Published online by Cambridge University Press: 05 August 2014
Maisie turned to Sir Claude, who struck her as having been removed to a distance of about a mile. . . But at the child’s words Mrs Beale had fairly bounded. ‘Come away from me, Maisie?’ It was a wail of dismay and reproach, in which her stepdaughter was astonished to read that she had had no hostile consciousness and that if she had been so actively grand it was not from suspicion, but from strange entanglements of modesty . . . Maisie surveyed – for the idea of a describable loss – the immensity of space.
(N-4, 641–2)This arresting moment in What Maisie Knew – where emerges, arguably, the only ‘moral sense’ worth mentioning – is startling, not least, because it makes us realize that we, like Maisie, have failed to consider Mrs Beale’s perspective: it offers a moving intimation of all the many worlds that we not only do not, but cannot, consider as we go about our lives, if only because our perspective is not infinite.

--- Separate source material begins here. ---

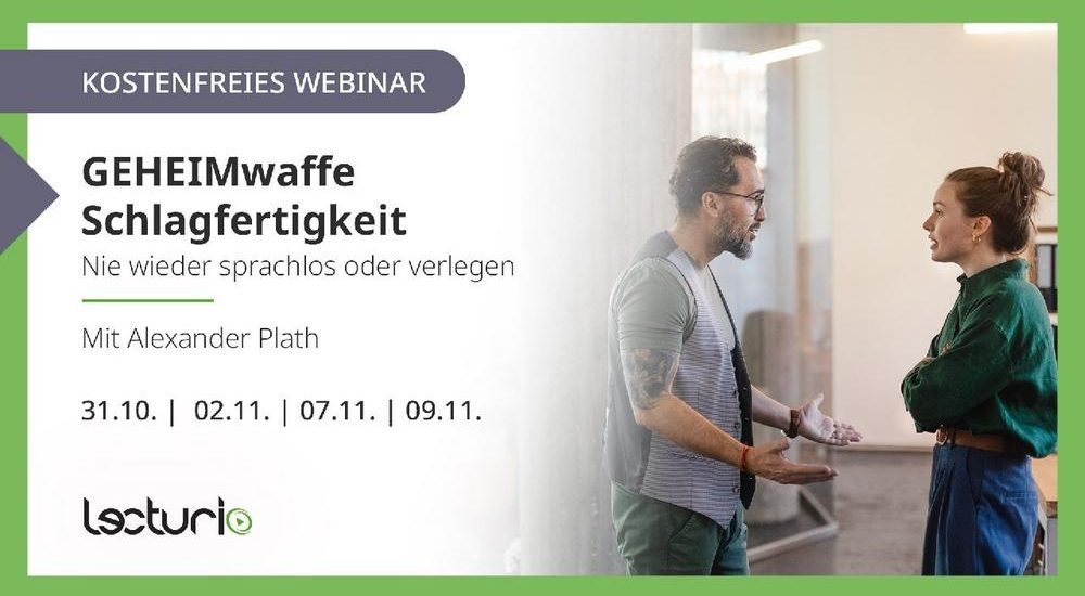 In diesem kostenfreien Webinar mit Rhetorik-Experte Alexander Plath erfahren Sie, mit welchen Mitteln Sie in Diskussionen nie wieder sprachlos bleiben, sondern elegant und schlagfertig auf die Argumente Ihres Gegenübers reagieren.

Until this moment, Mrs Beale has registered only as the mirror image of Maisie’s desires; these ‘strange entanglements of modesty’ intimate motives not simply unopposed but, more radically, unrelated, to Maisie’s imaginings or yearnings. No less striking, neither the novel nor Maisie pursues the revelation beyond this mere registered intuition of another perspective. In this novel of (ostensible) development, here is a realization that is neither the culmination of a narrative nor the beginning of future insight: a crucial epiphany – and a strangely unassimilable hiatus.
Not least important is its potential to remove ‘perspective’ from a developmental narrative. The dominant reading of Maisie might not need rehearsal: the child’s limited understanding is captured by a narrative ascesis whose gradual eclipse represents the child’s expanding perspective – until it corresponds with our own, ‘adult’, view. This moment suggests, however, that limitation is not the child’s special provenance; rather, to have a perspective at all is to be limited. The novel does not progress from limitation to an increasingly expansive view: it moves from one form of blindness to another.